### Action item
Take the line containing "3.I.2006, опубликовано 20.I.2006." and every line after it to the end of the records, and copy them exactly, excluding pictures.

### Excerpts from a dataset
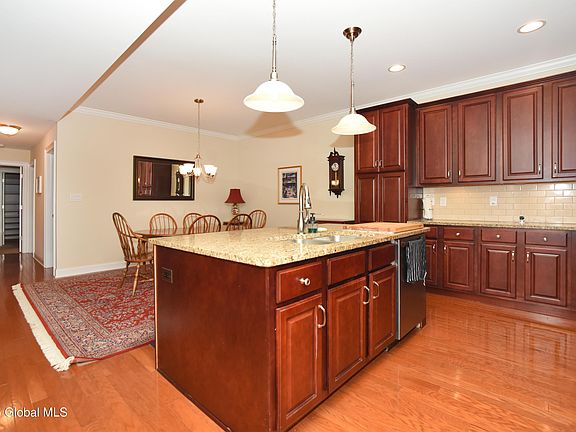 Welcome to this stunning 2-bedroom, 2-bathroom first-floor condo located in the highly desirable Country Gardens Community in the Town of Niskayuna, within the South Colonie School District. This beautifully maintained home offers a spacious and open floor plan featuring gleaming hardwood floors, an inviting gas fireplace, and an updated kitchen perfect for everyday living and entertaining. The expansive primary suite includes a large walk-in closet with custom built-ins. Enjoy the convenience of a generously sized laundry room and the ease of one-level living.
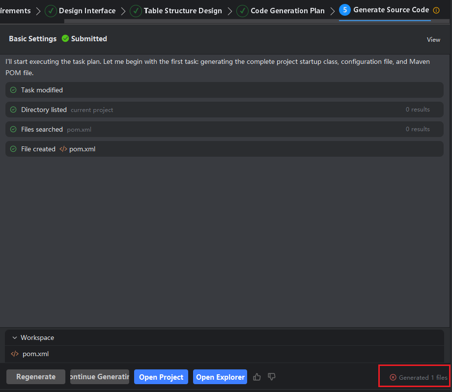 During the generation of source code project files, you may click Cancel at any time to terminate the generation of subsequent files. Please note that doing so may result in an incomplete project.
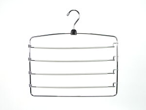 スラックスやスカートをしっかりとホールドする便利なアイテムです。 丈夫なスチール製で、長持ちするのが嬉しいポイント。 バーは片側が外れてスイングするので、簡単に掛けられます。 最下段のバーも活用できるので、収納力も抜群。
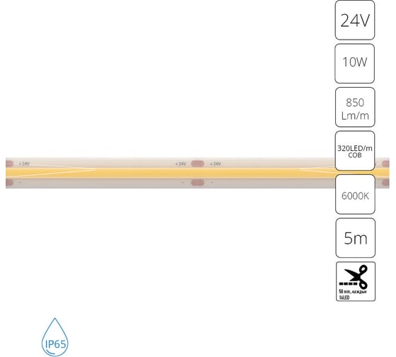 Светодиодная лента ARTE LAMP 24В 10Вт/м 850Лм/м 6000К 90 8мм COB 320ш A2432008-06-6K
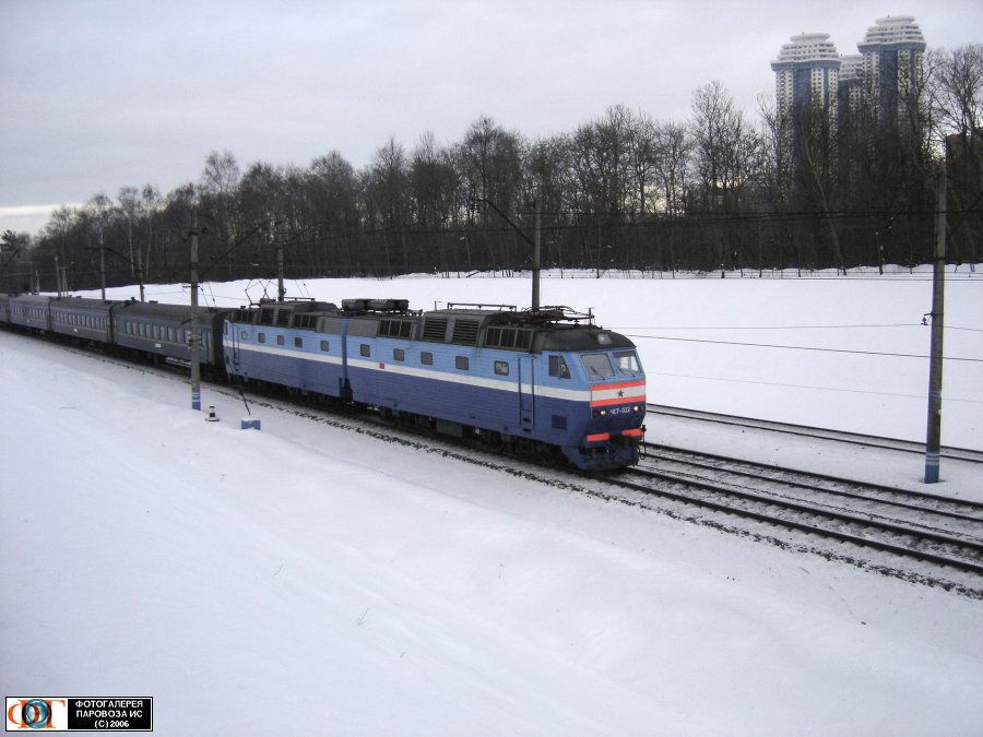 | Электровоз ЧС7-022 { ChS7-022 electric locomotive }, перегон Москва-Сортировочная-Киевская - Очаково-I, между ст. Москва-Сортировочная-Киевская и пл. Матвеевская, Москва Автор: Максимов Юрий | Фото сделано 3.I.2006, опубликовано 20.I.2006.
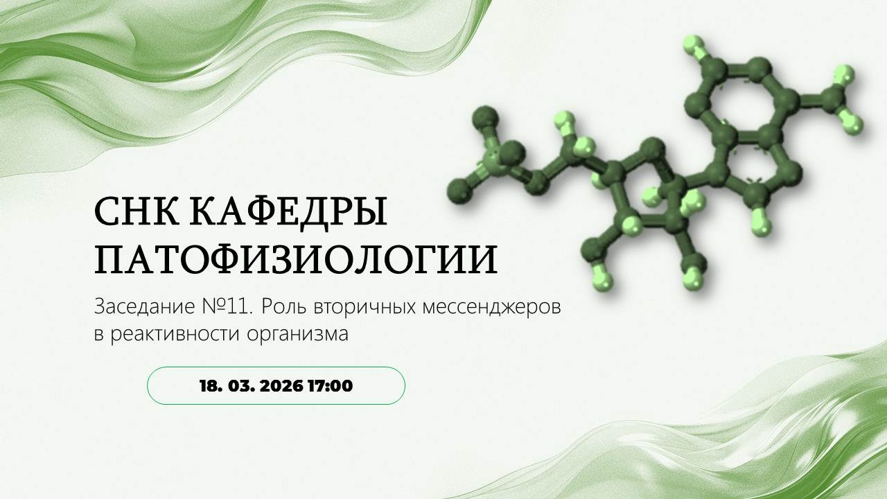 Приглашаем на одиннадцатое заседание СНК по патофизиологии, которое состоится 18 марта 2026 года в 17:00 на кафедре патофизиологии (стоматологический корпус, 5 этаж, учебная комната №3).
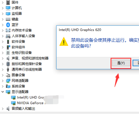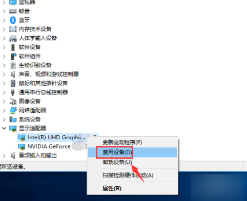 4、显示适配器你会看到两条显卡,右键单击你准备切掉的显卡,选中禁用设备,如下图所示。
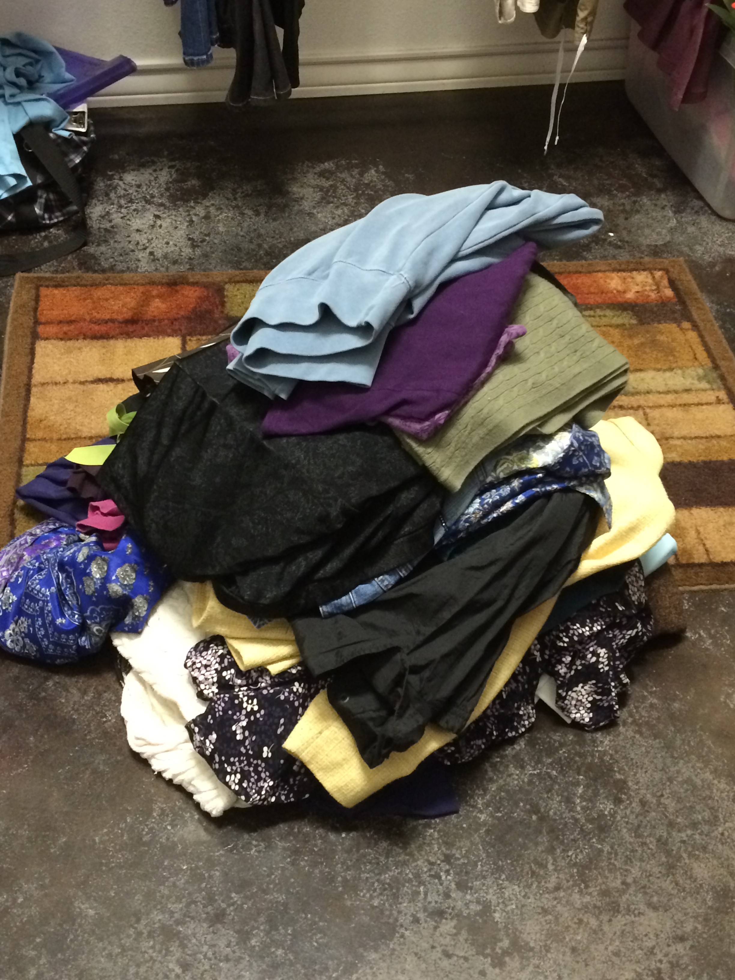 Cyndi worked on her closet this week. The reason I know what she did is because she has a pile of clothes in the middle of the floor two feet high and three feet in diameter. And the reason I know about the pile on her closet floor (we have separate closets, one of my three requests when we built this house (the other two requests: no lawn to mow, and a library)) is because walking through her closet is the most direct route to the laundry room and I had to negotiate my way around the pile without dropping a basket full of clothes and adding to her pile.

### Solution to this task
 | Электровоз ЧС7-022 { ChS7-022 electric locomotive }, перегон Москва-Сортировочная-Киевская - Очаково-I, между ст. Москва-Сортировочная-Киевская и пл. Матвеевская, Москва Автор: Максимов Юрий | Фото сделано 3.I.2006, опубликовано 20.I.2006.
 Приглашаем на одиннадцатое заседание СНК по патофизиологии, которое состоится 18 марта 2026 года в 17:00 на кафедре патофизиологии (стоматологический корпус, 5 этаж, учебная комната №3).
 4、显示适配器你会看到两条显卡,右键单击你准备切掉的显卡,选中禁用设备,如下图所示。
 Cyndi worked on her closet this week. The reason I know what she did is because she has a pile of clothes in the middle of the floor two feet high and three feet in diameter. And the reason I know about the pile on her closet floor (we have separate closets, one of my three requests when we built this house (the other two requests: no lawn to mow, and a library)) is because walking through her closet is the most direct route to the laundry room and I had to negotiate my way around the pile without dropping a basket full of clothes and adding to her pile.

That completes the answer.